Re: [Linux-cluster] NFS over GFS issue


Looks very similar to a bug that has been recently reported.
Unfortunately the bug has a number of internal view only flags, so can't
enable it for external access.  Your report is the first one to mention
NFS.  Is it possible to get your test cases?


On Wed, 2008-07-16 at 20:46 +0200, Mark Hlawatschek wrote:
> Hi,
> During some stress tests with NFS over GFS, I observed a strange problem.
> The test setup consists of two GFS cluster nodes (node1, node2) (RHEL4.6), 
> both serving the same NFS exports (/mnt/gfstest)

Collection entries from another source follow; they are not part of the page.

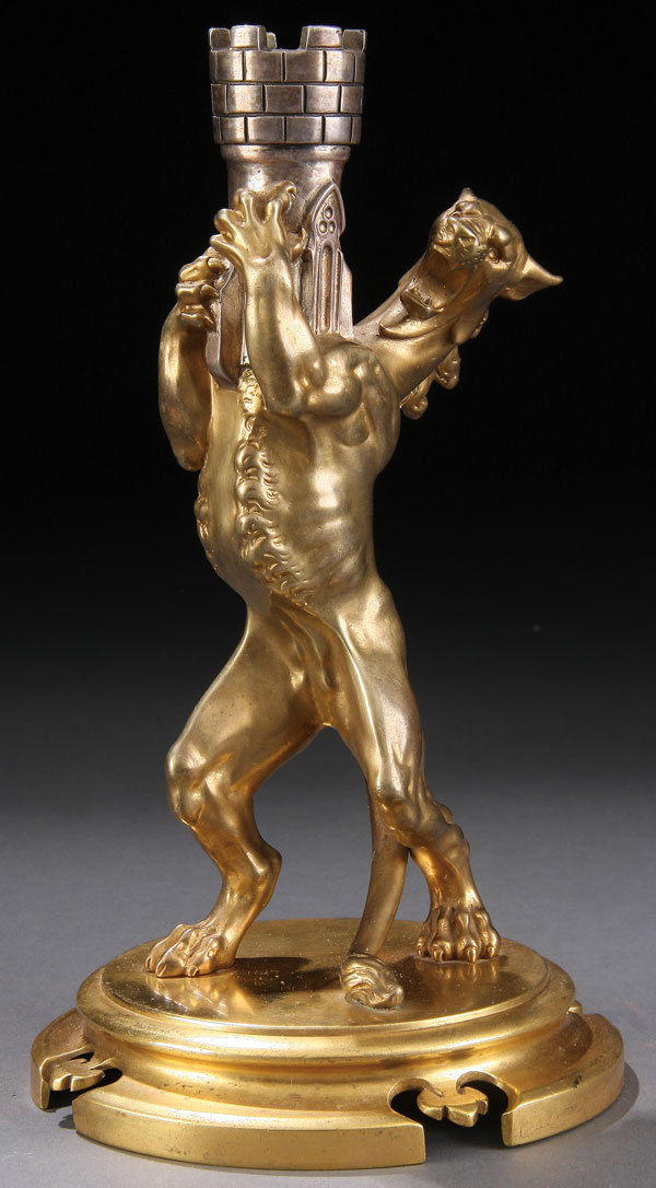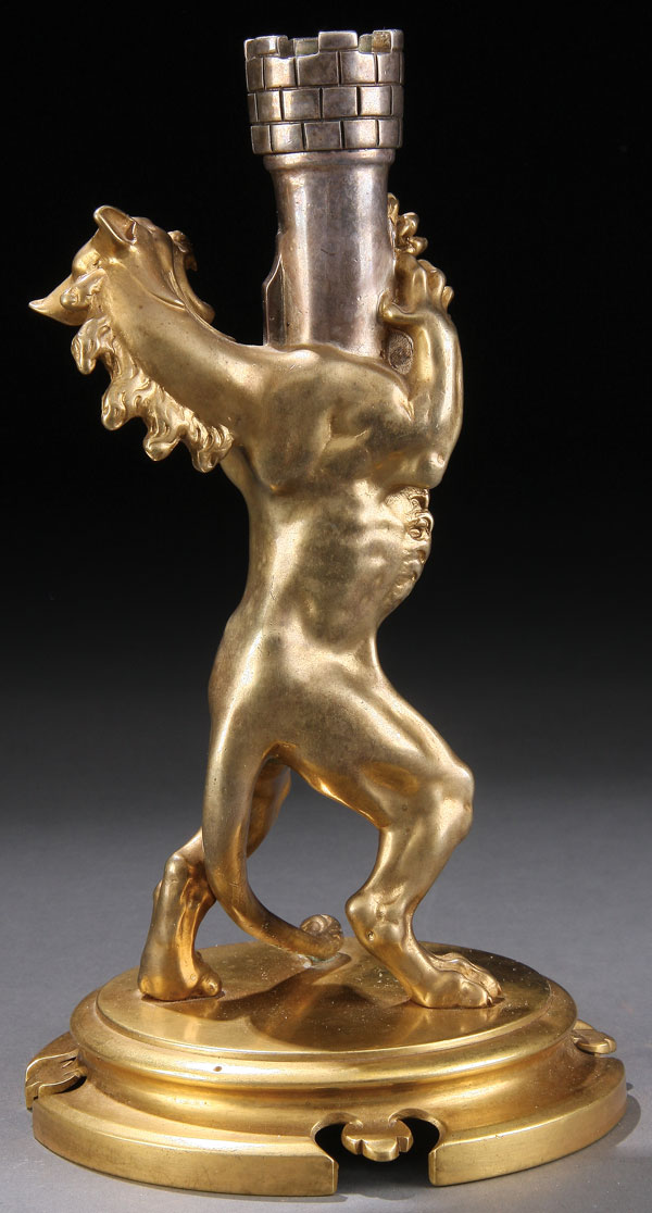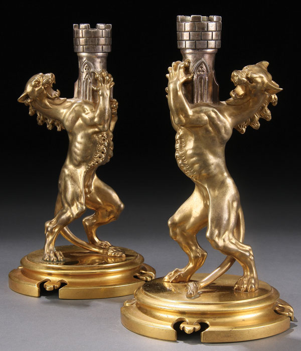 A GOOD PAIR OF FRENCH GILT AND SILVERED BRONZE RENAISSANCE REVIVAL FIGURAL CANDLESTICKS each depicting a medieval style lion supporting a castle turret form candle socket raised on a shaped circular plinth with reticulate trefoil extensions. Height 8.5 inches (21.5 cm)
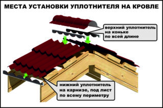 Le joint a une forme spéciale qui suit la forme des vagues d'une tuile métallique ou d'une tôle profilée. Pour tous les types de toiture, leur propre type de joint est réalisé. Le matériau est sélectionné en fonction du type d'ondulation afin d'isoler l'interstice le plus efficacement possible, pour obtenir une étanchéité complète. Par exemple, le compacteur pour carton ondulé C8 diffère en taille du joint pour tôle ondulée H57, car les matériaux ont des hauteurs de vague différentes.
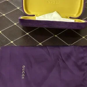 Includes: Original Gucci velvet case (purple/gold interior), Gucci satin pouch, and cleaning cloth
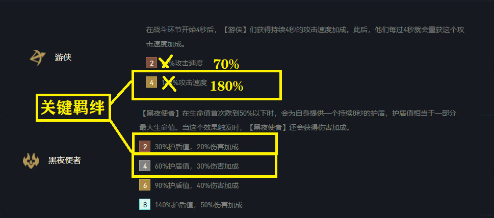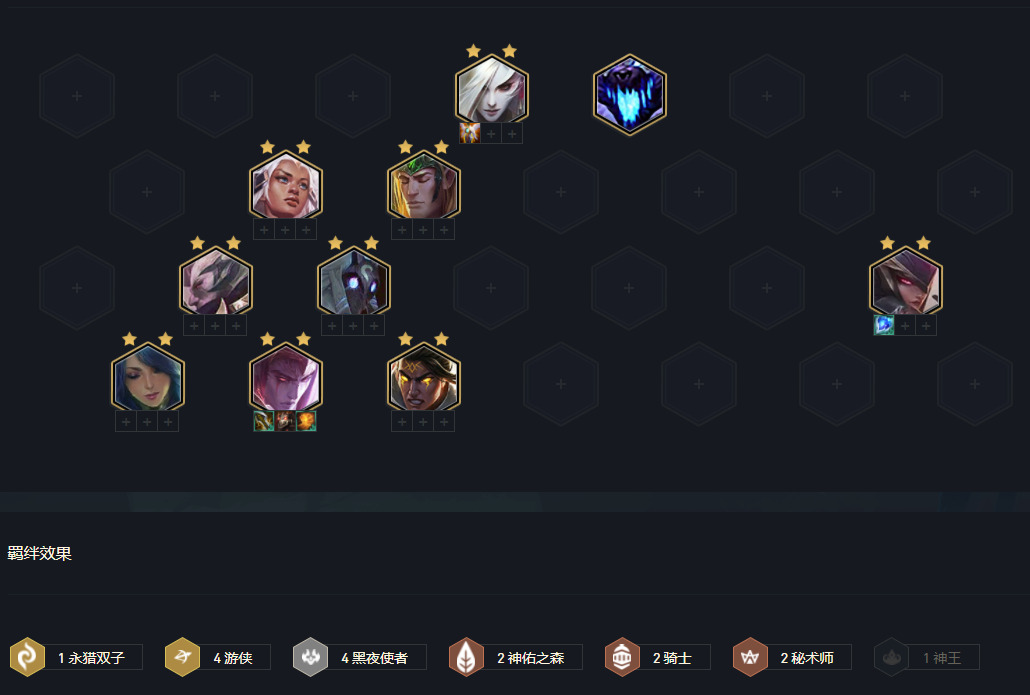 阵容运营关键羁绊:4游侠与2/4黑夜。阵容主C月男,副C莫甘娜、诺手、皎月、艾希均可。
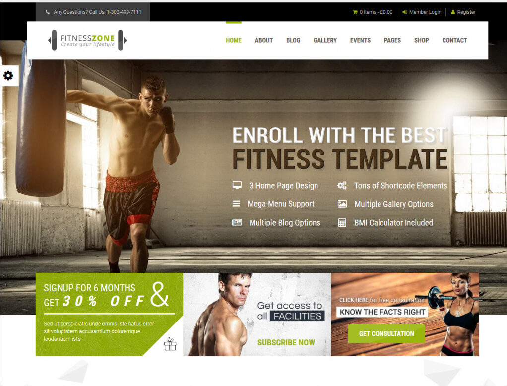 Fitness Zone, Personal Trainer Theme with BMI Calculator Fitness
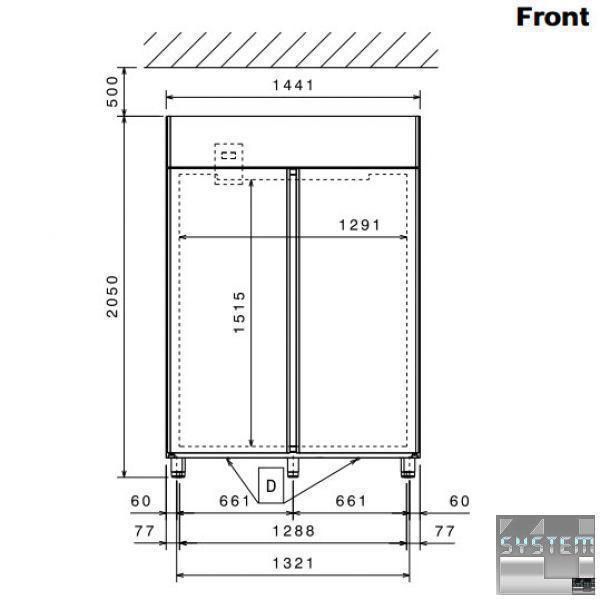 Холодильна шафа ECOSTORE 727295, дводверна, об'ємом 1430л., ізоляція товщиною 75мм., температурний режим роботи 0…+6°С, прихований випарник, цифровий дисплей, автоматична відтайка, двері із замком та оптичним датчиком, клімат клас +4 комплект з 6 полицями GN 2/1 і напрямними, низький рівень енергоспоживання (Class 6), виконання нерж. сталь Професійний холодильник має прямокутну конструкцію з габаритними розмірами: 1441мм (довжина), 837мм (глибина), 2050мм (висота).
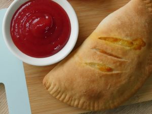 Baking dish per tayyar calzone rakh ker oil sa grease ker lein aur knife ki madad sa surface per marks laga lein (makes 4).
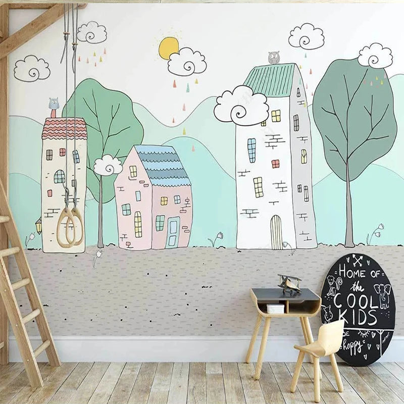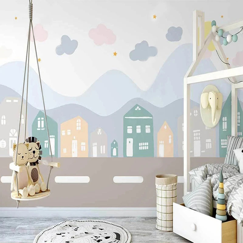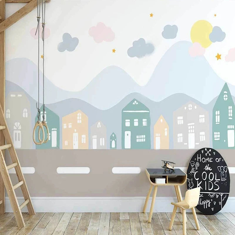 Cartoon Mountain Town Road Playroom Wall Mural Wallpaper
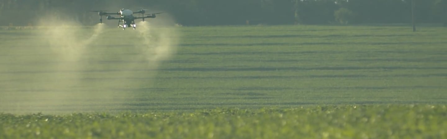 Veja o Drone King 100 operando na prática em uma pulverização real de amendoim
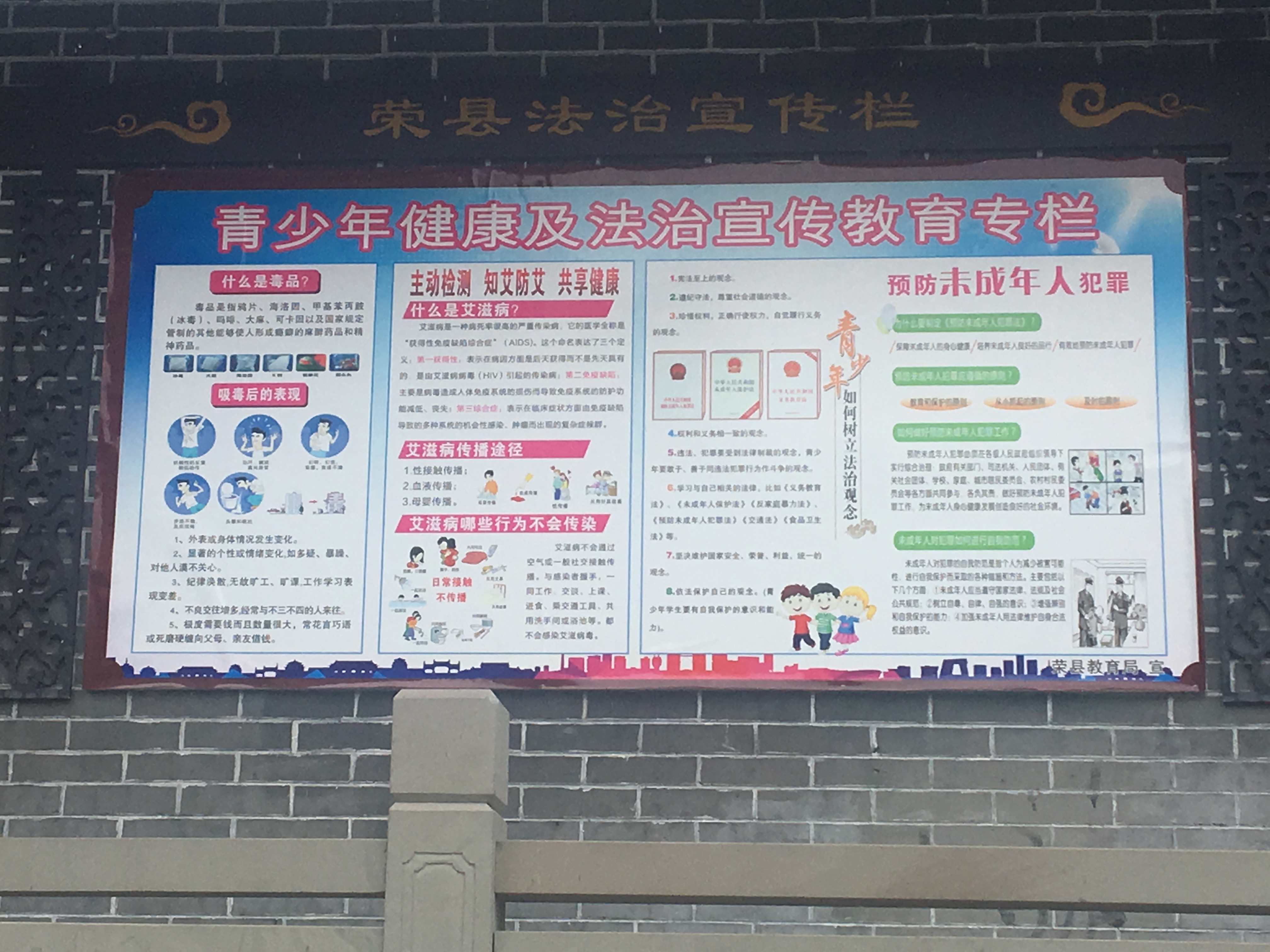 在军政府旧址所处的首义广场,还设有禁毒防艾宣传栏、法制教育宣传栏供市民学习,增强全民的禁毒意识和法制意识。

> The NFS exports are mounted by two NFS clients (client1, client2), whereas 
> client1 has mounted the NFS export from node1 and client2 has mounted the NFS 
> export from node2.
> During the stress test, client1 creates files into dir1 on the GFS and client2 
> created files into dir2 on the same GFS. Node1 continuously reads the files 
> created by client1 and client2. After some time (about 10 minutes) the 
> following error occurs on node1:
> GFS: fsid=axqa01:gfstest.0: fatal: assertion "!bd->bd_pinned 
> && !buffer_busy(bh)" failed
> GFS: fsid=axqa01:gfstest.0:   function = ail_empty_gl
> GFS: fsid=axqa01:gfstest.0:   file 
> = /builddir/build/BUILD/gfs-kernel-2.6.9-75/smp/src/gfs/dio.c, line = 383
> GFS: fsid=axqa01:gfstest.0:   time = 1216216523
> GFS: fsid=axqa01:gfstest.0: about to withdraw from the cluster
> GFS: fsid=axqa01:gfstest.0: waiting for outstanding I/O
> GFS: fsid=axqa01:gfstest.0: telling LM to withdraw
> lock_dlm: withdraw abandoned memory
> GFS: fsid=axqa01:gfstest.0: withdrawn
> Is there a workaround for this problem ? Is this a bug ?
> Thanks,
> Mark